═══ Working data

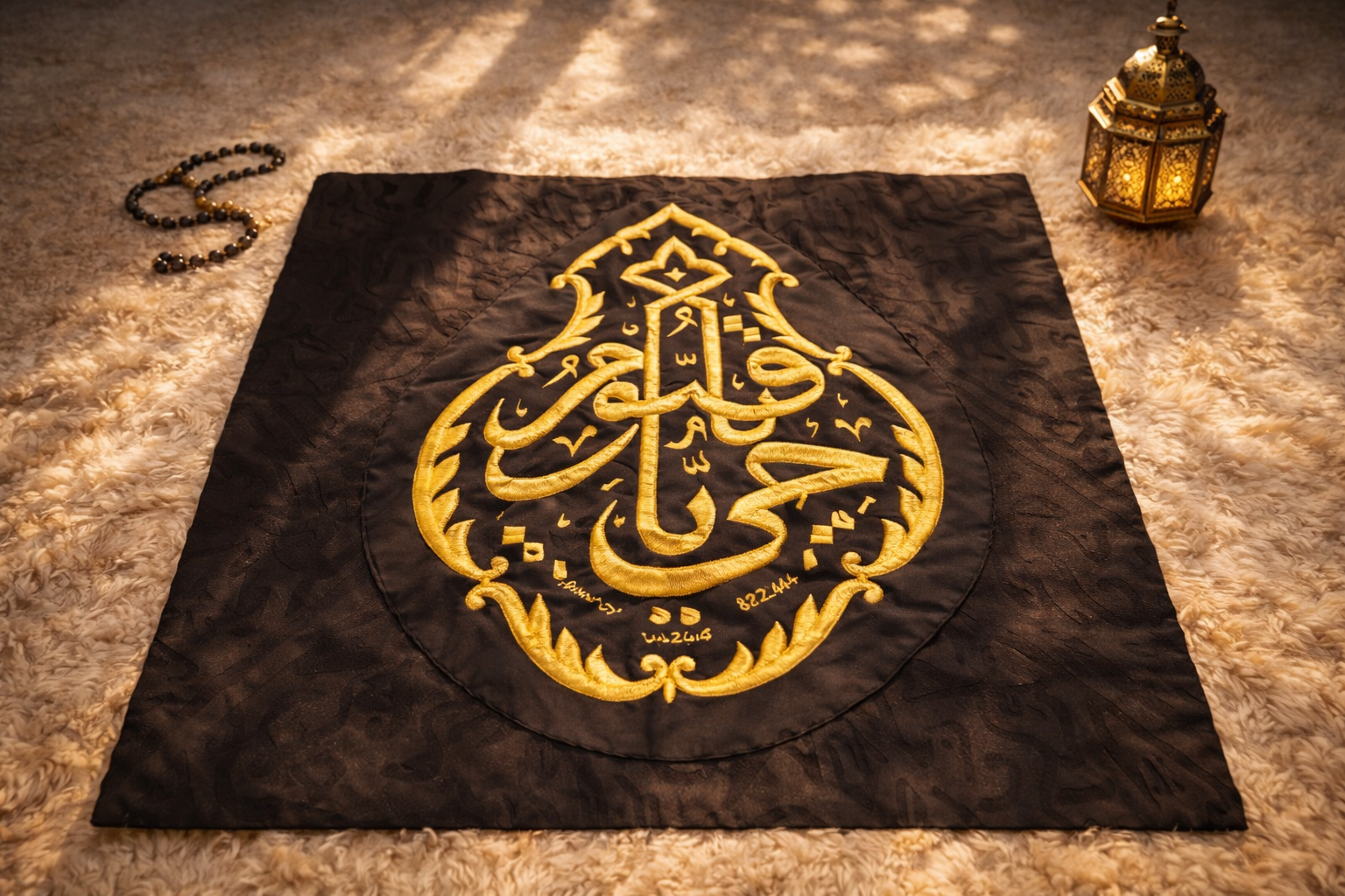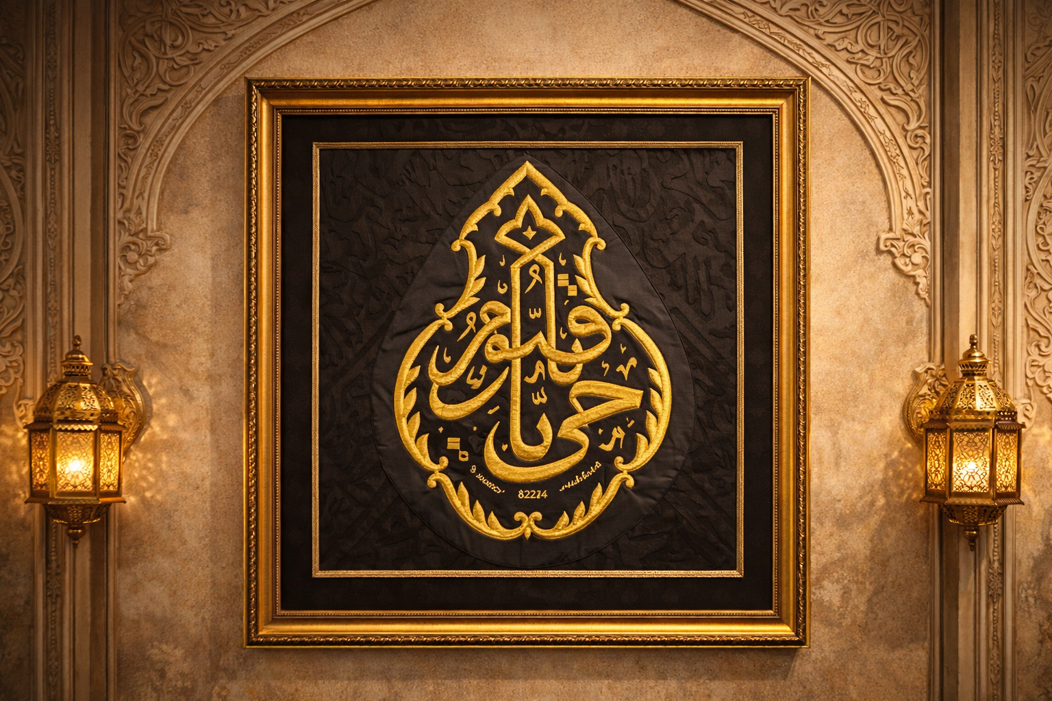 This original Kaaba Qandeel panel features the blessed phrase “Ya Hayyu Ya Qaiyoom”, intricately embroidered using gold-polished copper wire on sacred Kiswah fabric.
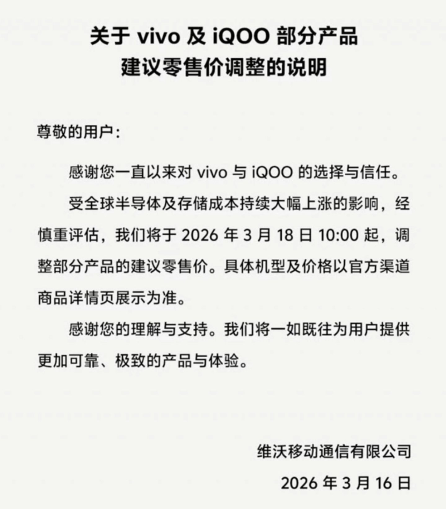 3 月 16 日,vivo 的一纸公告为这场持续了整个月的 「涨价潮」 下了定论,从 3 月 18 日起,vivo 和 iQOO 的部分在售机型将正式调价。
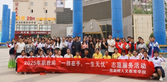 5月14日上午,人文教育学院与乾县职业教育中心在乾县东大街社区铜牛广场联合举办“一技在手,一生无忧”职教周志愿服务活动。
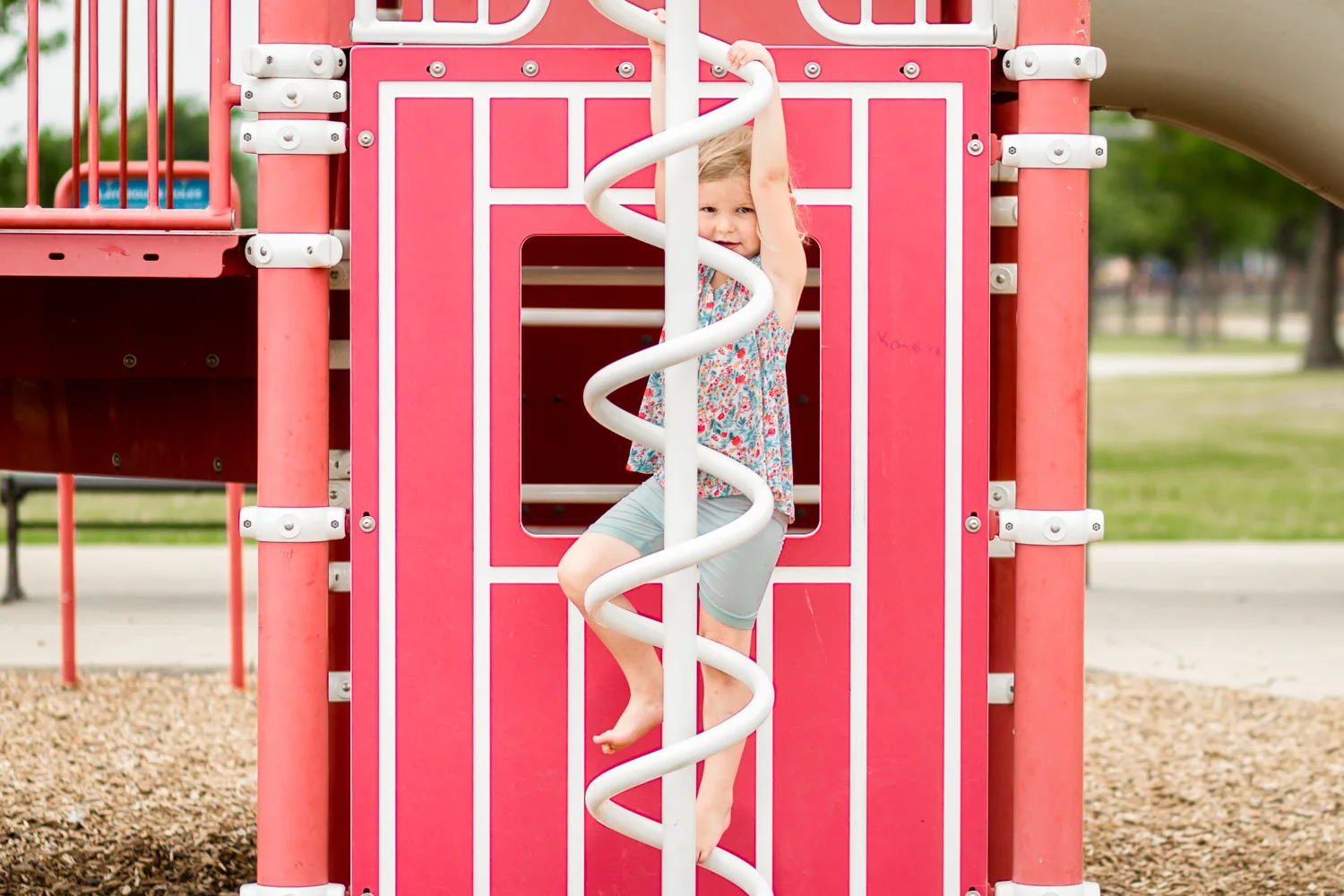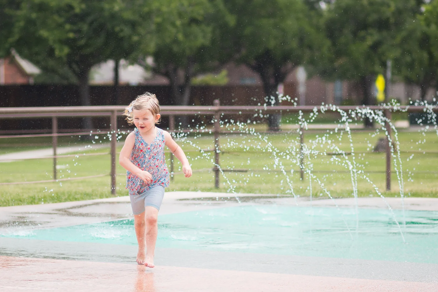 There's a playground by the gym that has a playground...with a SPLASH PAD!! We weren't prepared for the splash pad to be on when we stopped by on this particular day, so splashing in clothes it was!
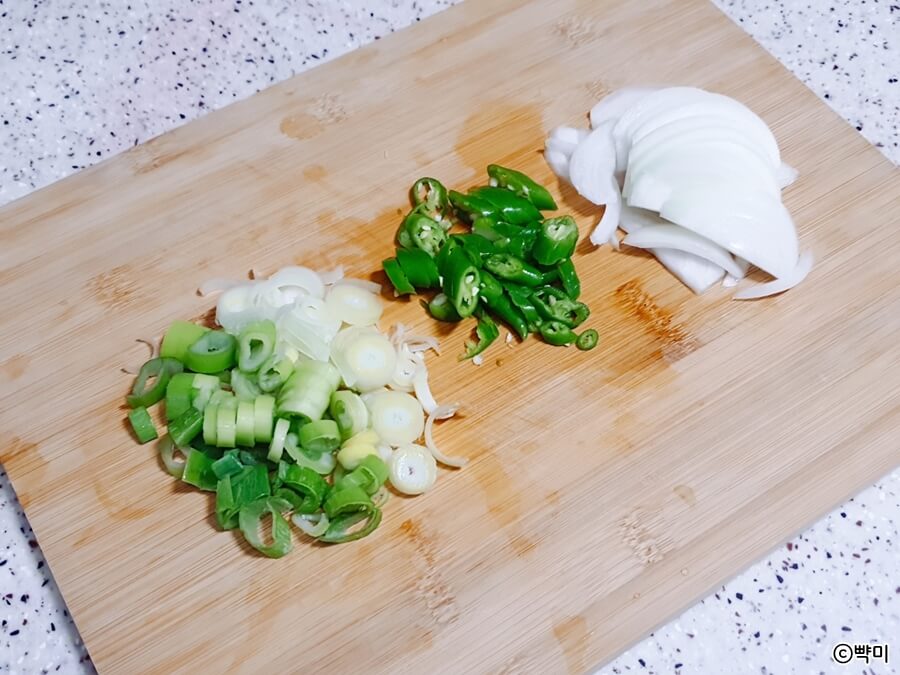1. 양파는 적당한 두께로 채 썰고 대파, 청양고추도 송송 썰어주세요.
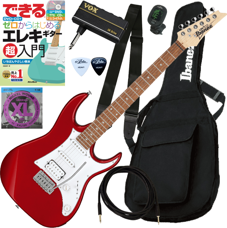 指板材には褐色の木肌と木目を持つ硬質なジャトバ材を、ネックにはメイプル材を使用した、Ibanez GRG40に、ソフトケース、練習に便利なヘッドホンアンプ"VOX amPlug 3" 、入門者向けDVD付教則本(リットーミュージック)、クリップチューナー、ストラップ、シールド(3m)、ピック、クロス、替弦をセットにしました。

══════

→ **Problem to solve**
The result should be a precise copy of all the entries, free of pictures.

→ **Response below**
 This original Kaaba Qandeel panel features the blessed phrase “Ya Hayyu Ya Qaiyoom”, intricately embroidered using gold-polished copper wire on sacred Kiswah fabric.
 3 月 16 日,vivo 的一纸公告为这场持续了整个月的 「涨价潮」 下了定论,从 3 月 18 日起,vivo 和 iQOO 的部分在售机型将正式调价。
 5月14日上午,人文教育学院与乾县职业教育中心在乾县东大街社区铜牛广场联合举办“一技在手,一生无忧”职教周志愿服务活动。
 There's a playground by the gym that has a playground...with a SPLASH PAD!! We weren't prepared for the splash pad to be on when we stopped by on this particular day, so splashing in clothes it was!
1. 양파는 적당한 두께로 채 썰고 대파, 청양고추도 송송 썰어주세요.
 指板材には褐色の木肌と木目を持つ硬質なジャトバ材を、ネックにはメイプル材を使用した、Ibanez GRG40に、ソフトケース、練習に便利なヘッドホンアンプ"VOX amPlug 3" 、入門者向けDVD付教則本(リットーミュージック)、クリップチューナー、ストラップ、シールド(3m)、ピック、クロス、替弦をセットにしました。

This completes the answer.